On about October 11, 2016, plaintiff filed a discrimination charge with the Kansas
Human Rights Commission (“KHRC”). The charge mentioned, in part, the May 15, 2016
altercation. The KHRC sent defendant a letter dated October 11, 2016, which advised
defendant that the destruction of records related to the charge was forbidden by law.1
Plaintiff’s workers’ compensation claim was settled on January 23, 2017.
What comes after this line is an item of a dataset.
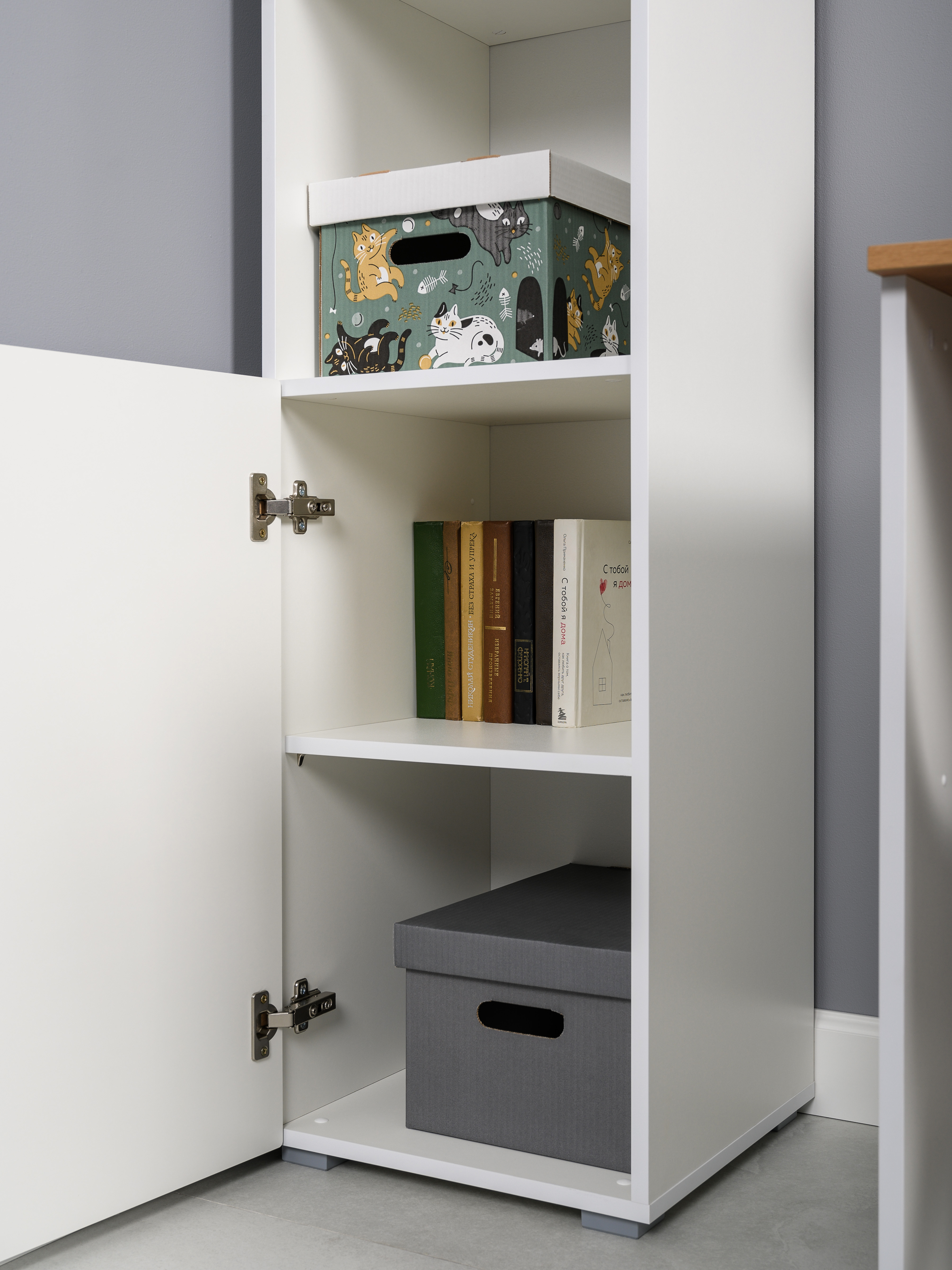 Стеллаж торцевой Лайн 10.141 дуб серый CRAFT, белый глянец ПВХ
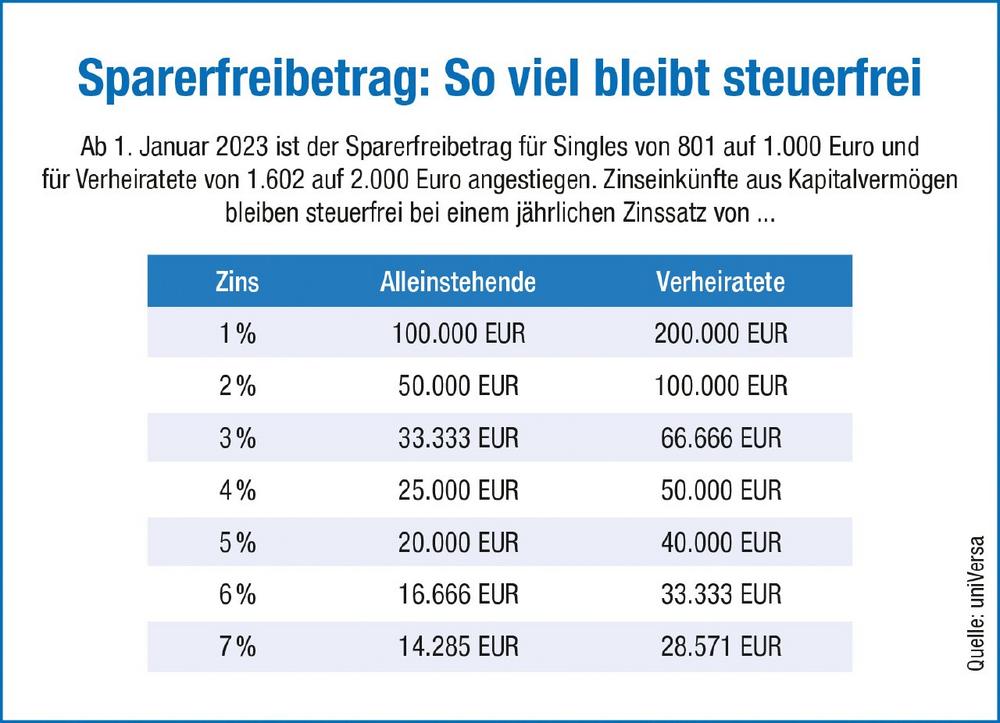 Für Sparer gibt es positive Nachrichten: Zwar ist die Inflation nach wie vor auf einem Rekordniveau, aber die Zeiten von Nullzinsen scheinen vorbei zu sein. Zudem wurde der Sparerfreibetrag zum Jahreswechsel erhöht. Wer Geld anlegt, bekommt seit einigen Monaten endlich wieder Zinsen, sei es für Tagesgeld oder andere Sparanlagen. Die Tendenz ist sogar weiter steigend. Zudem hat der Staat den Sparerpauschbetrag zum Jahreswechsel auf 1.000 Euro (Vorjahr 801) erhöht. Damit bleiben bei einem Zins von zwei Prozent die Erträge einer Geldanlage über 50.000 Euro steuerfrei, bei vier Prozent über 25.000 Euro. Erst bei Einkünften aus Kapitalvermögen über dem Sparerfreibetrag wird eine Abgeltungssteuer von 25 Prozent zuzüglich gegebenenfalls Solidaritätszuschlag und Kirchensteuer…

About one week later, on February 1, 2017, plaintiff’s current counsel sent
defendant a letter, stating plaintiff had retained them to represent her in connection with
employment discrimination claims and advising defendant of its obligation to preserve
records, videos, and files pertaining to plaintiff’s employment and discharge. 2 Plaintiff
filed this suit on July 13, 2017.
On July 3, 2018, plaintiff tendered a document request for, among other things,
“surveillance footage, recordings or other video . . . that refer or relate to any events alleged
in Plaintiff’s Complaint.”3 Defendant responded that there “was a surveillance tape that
depicted the altercation between the Plaintiff and Vincent Martin” but that defendant “is
1
ECF No. 60-2.
2
ECF No. 60-3.
3
ECF No. 60-6 at 3.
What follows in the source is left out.